▶ **Data segment**
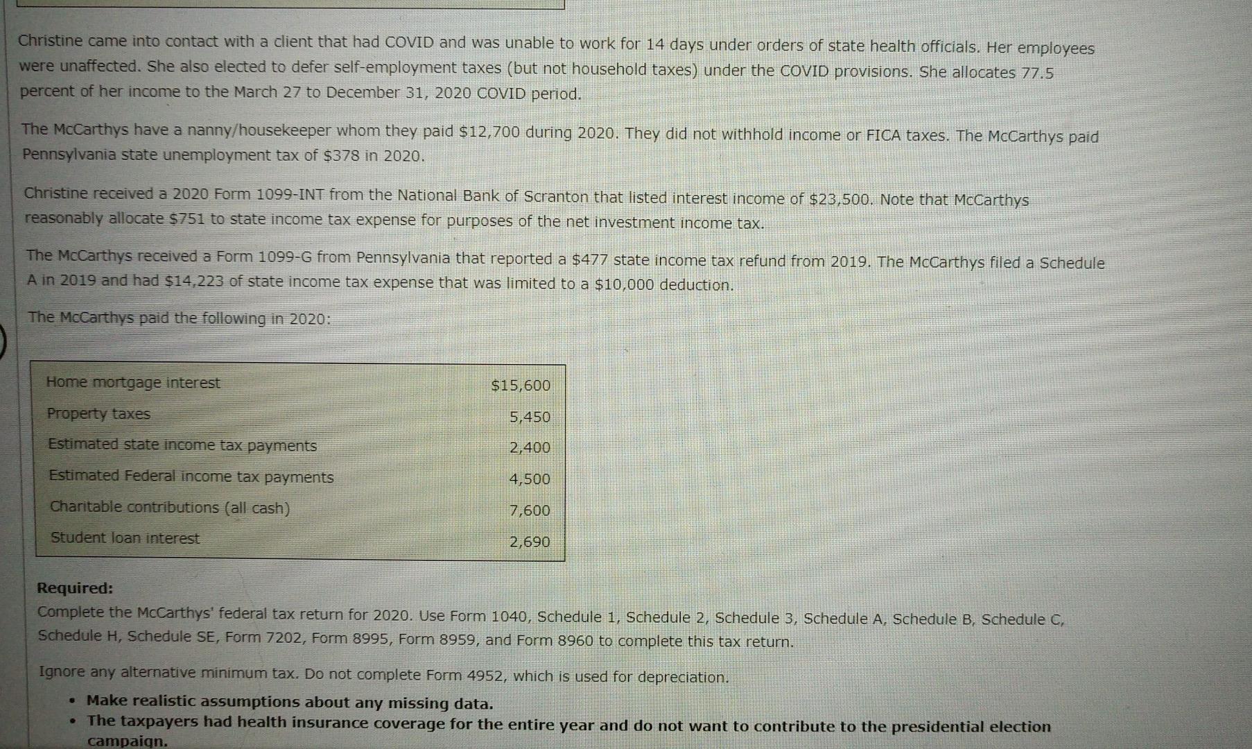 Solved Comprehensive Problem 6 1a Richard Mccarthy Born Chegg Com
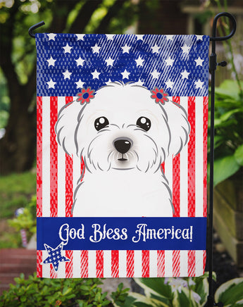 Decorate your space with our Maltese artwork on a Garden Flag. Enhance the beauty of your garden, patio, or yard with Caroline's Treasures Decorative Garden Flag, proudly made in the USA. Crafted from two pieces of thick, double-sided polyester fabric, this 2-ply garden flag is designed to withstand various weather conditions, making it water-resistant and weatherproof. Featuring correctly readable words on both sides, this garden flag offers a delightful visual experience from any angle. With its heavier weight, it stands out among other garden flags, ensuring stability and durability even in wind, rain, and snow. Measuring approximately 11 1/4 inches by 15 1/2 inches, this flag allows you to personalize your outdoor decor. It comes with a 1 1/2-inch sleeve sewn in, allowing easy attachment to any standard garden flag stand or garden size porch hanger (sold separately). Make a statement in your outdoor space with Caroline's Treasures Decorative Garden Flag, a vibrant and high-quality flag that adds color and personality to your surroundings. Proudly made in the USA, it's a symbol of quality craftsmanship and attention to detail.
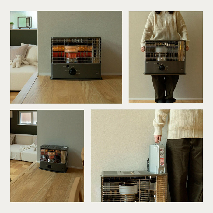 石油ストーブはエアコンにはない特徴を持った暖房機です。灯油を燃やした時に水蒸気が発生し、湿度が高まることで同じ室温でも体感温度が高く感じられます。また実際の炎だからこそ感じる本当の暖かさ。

▶ **What the task requires**
Return the material from above in full, exactly as written, with the pictures omitted.

▶ **Answer section**
 Solved Comprehensive Problem 6 1a Richard Mccarthy Born Chegg Com
 Decorate your space with our Maltese artwork on a Garden Flag. Enhance the beauty of your garden, patio, or yard with Caroline's Treasures Decorative Garden Flag, proudly made in the USA. Crafted from two pieces of thick, double-sided polyester fabric, this 2-ply garden flag is designed to withstand various weather conditions, making it water-resistant and weatherproof. Featuring correctly readable words on both sides, this garden flag offers a delightful visual experience from any angle. With its heavier weight, it stands out among other garden flags, ensuring stability and durability even in wind, rain, and snow. Measuring approximately 11 1/4 inches by 15 1/2 inches, this flag allows you to personalize your outdoor decor. It comes with a 1 1/2-inch sleeve sewn in, allowing easy attachment to any standard garden flag stand or garden size porch hanger (sold separately). Make a statement in your outdoor space with Caroline's Treasures Decorative Garden Flag, a vibrant and high-quality flag that adds color and personality to your surroundings. Proudly made in the USA, it's a symbol of quality craftsmanship and attention to detail.
 石油ストーブはエアコンにはない特徴を持った暖房機です。灯油を燃やした時に水蒸気が発生し、湿度が高まることで同じ室温でも体感温度が高く感じられます。また実際の炎だからこそ感じる本当の暖かさ。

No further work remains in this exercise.